National Historic Site of Japan

The Hakone Barrier (箱根関, Hakone Seki) was a security checkpoint which was established by the Tokugawa Shogunate on the Tōkaidō highway connecting the capital of Edo with Kyoto in Edo period Japan. In 1923, the site was recognized as a National Historic Site.

==Overview==
The route of the ancient Tōkaidō highway connecting the Kansai region with the Kantō region of Japan passes through the Hakone Mountains, which forms a natural geographic chokepoint in the route. This was recognized from at least as early as the Nara period and there are indications that the Hakone Shrine was built in part to control the narrowest portion of this route. In the Heian period, Taira no Masakado dispatched troops to this location in anticipation of an invasion of government forces into the Kantō region during his revolt. Similarly, during the Jōkyū War of the Kamakura period Hōjō Yoshitoki ordered that a permanent garrison be based at the pass for similar reasons. During the Muromachi period, the jurisdiction over the pass came under the control of the Kamakura-fu and barriers were established mostly for purposes of taxation of travelers. Some of these barriers were temporary, as it is recorded that in 1380, a barrier was established for a three-year period to provide funding for the reconstruction of the temple of Engaku-ji in Kamakura. This practice continued into the Sengoku period, with control of the pass under the Late Hōjō clan.

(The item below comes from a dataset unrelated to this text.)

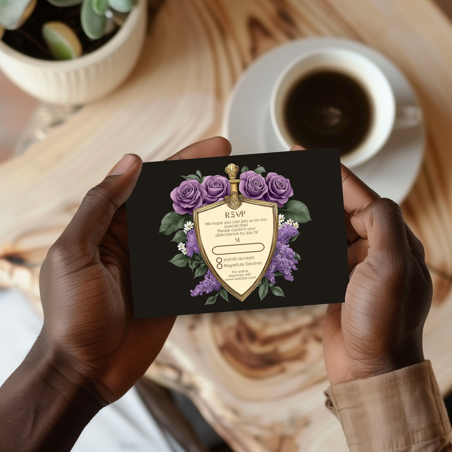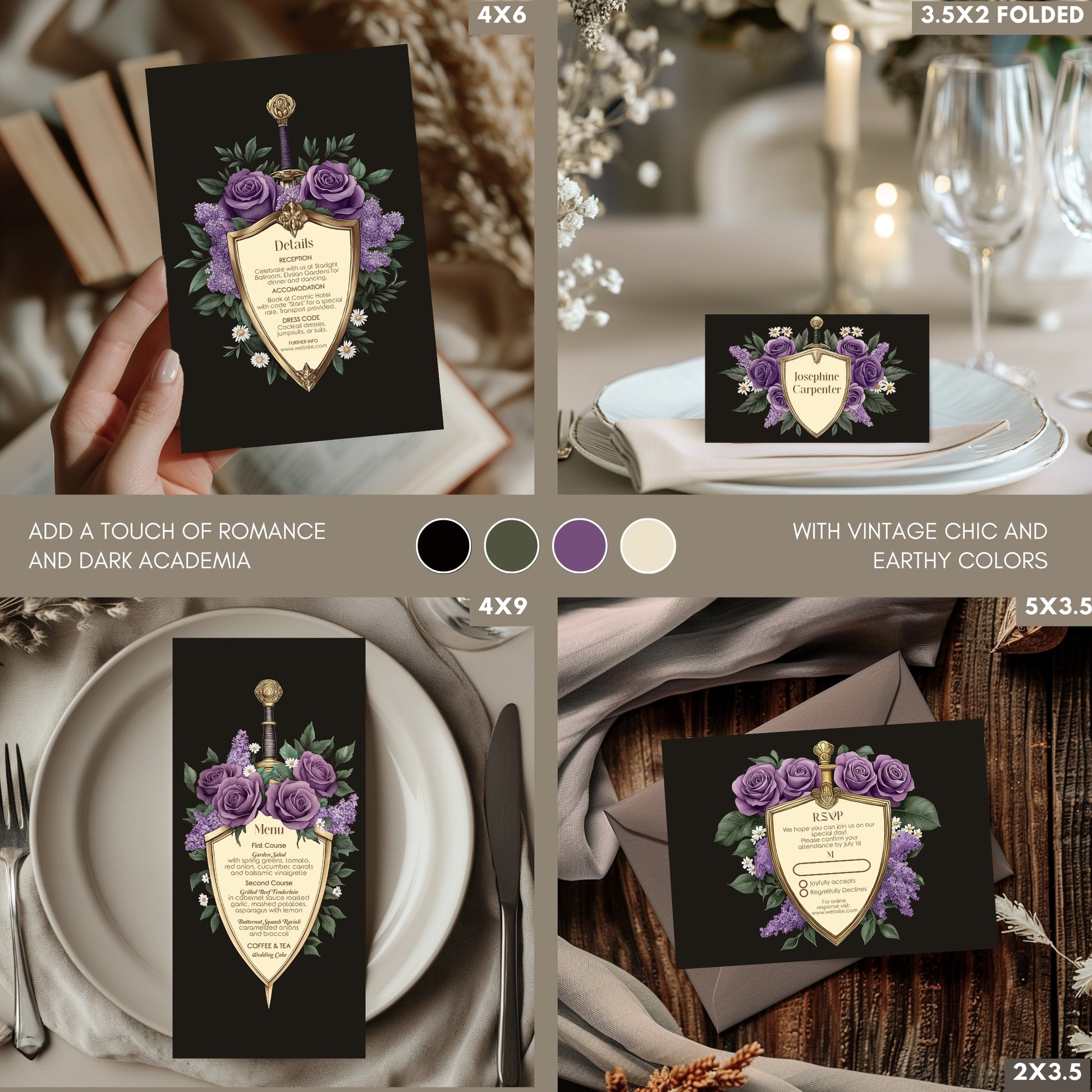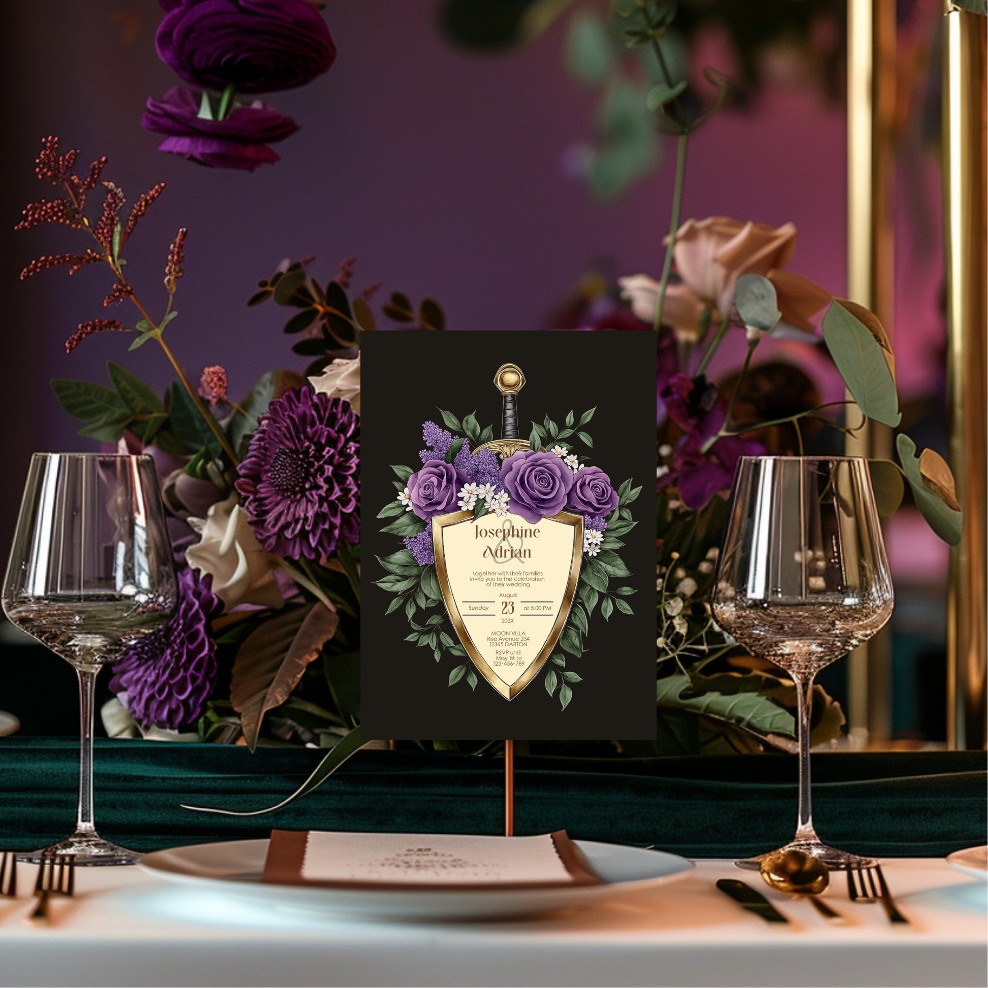 Elegant Shield Wedding Invitation Set – Purple Roses and Green Botanicals, Medieval Sword and Shield
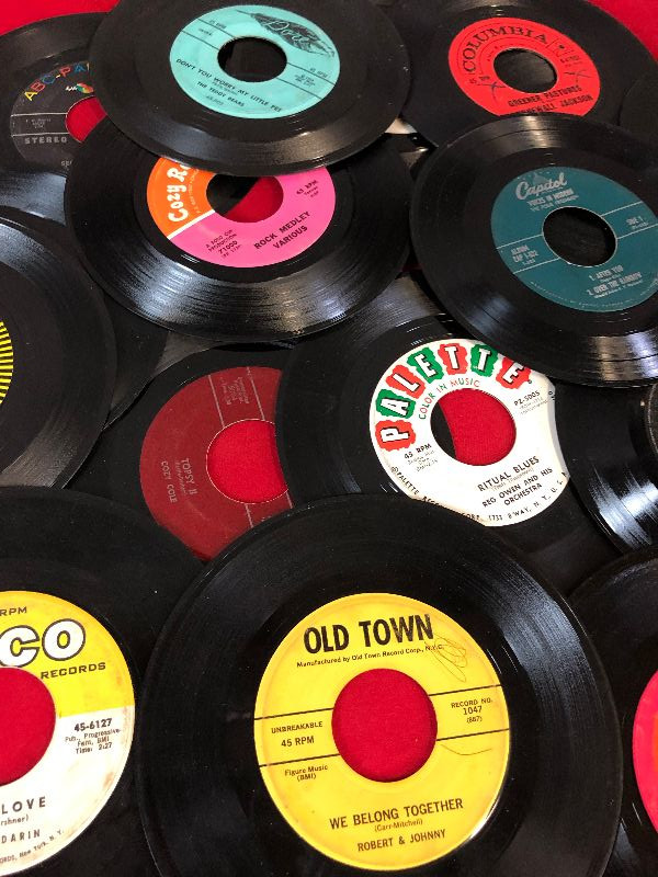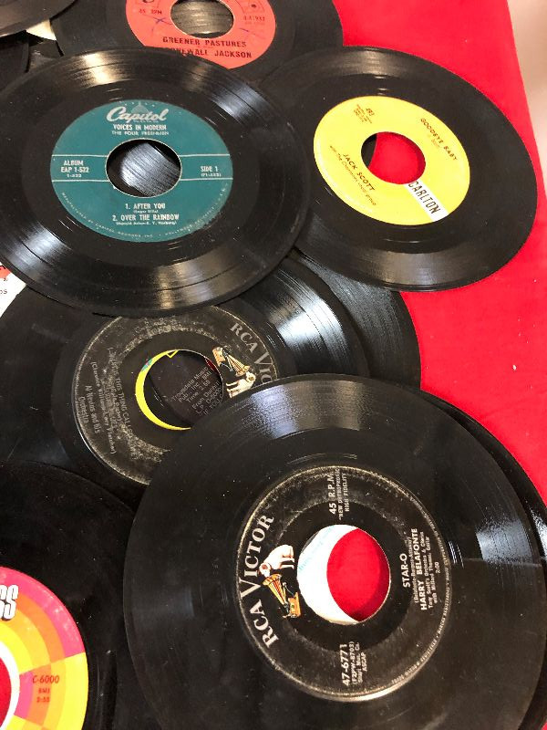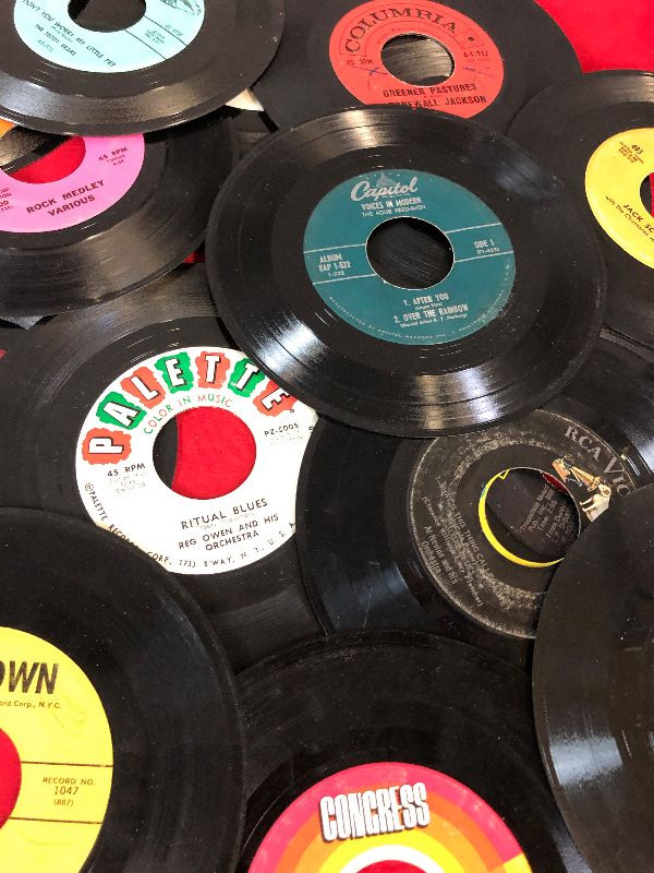 Lot 129 45 Records; Rock, jazz, blue - no covers! 24 - all have scratches

After the establishment of the Tokugawa shogunate, the Hakone Pass was regarded as of key strategic importance in the outer defenses of Edo Castle. The shogunate built a new shukuba named Hakone-juku and relocated the site of the Hakone Barrier to the shore of Lake Ashi. For most of its existence, the barrier was operated for the shogunate by Odawara Domain. Physically, the barrier consisted of a pair of wooden gates on the highway, separated by a distance of 18 meters. The area in between the gates was flanked by buildings on both side, where travelers were required to submit their travel permits, goods were examined, and taxes were levied on commercial travelers with merchandise. However, the main purpose of the Hakone Barrier was security, especially the enforcement of the shogunate's regulations on transportation of weapons into Edo and the travel of women out of Edo. As the wives and families of the various daimyō were required to remain in Edo as hostages to the shogunate, this latter regulation was strictly enforced. Out of the staff of 20 people manning the barrier, several were women who performed a physical examination of female travelers to ensure that no woman of rank was attempting the leave the capital without permission.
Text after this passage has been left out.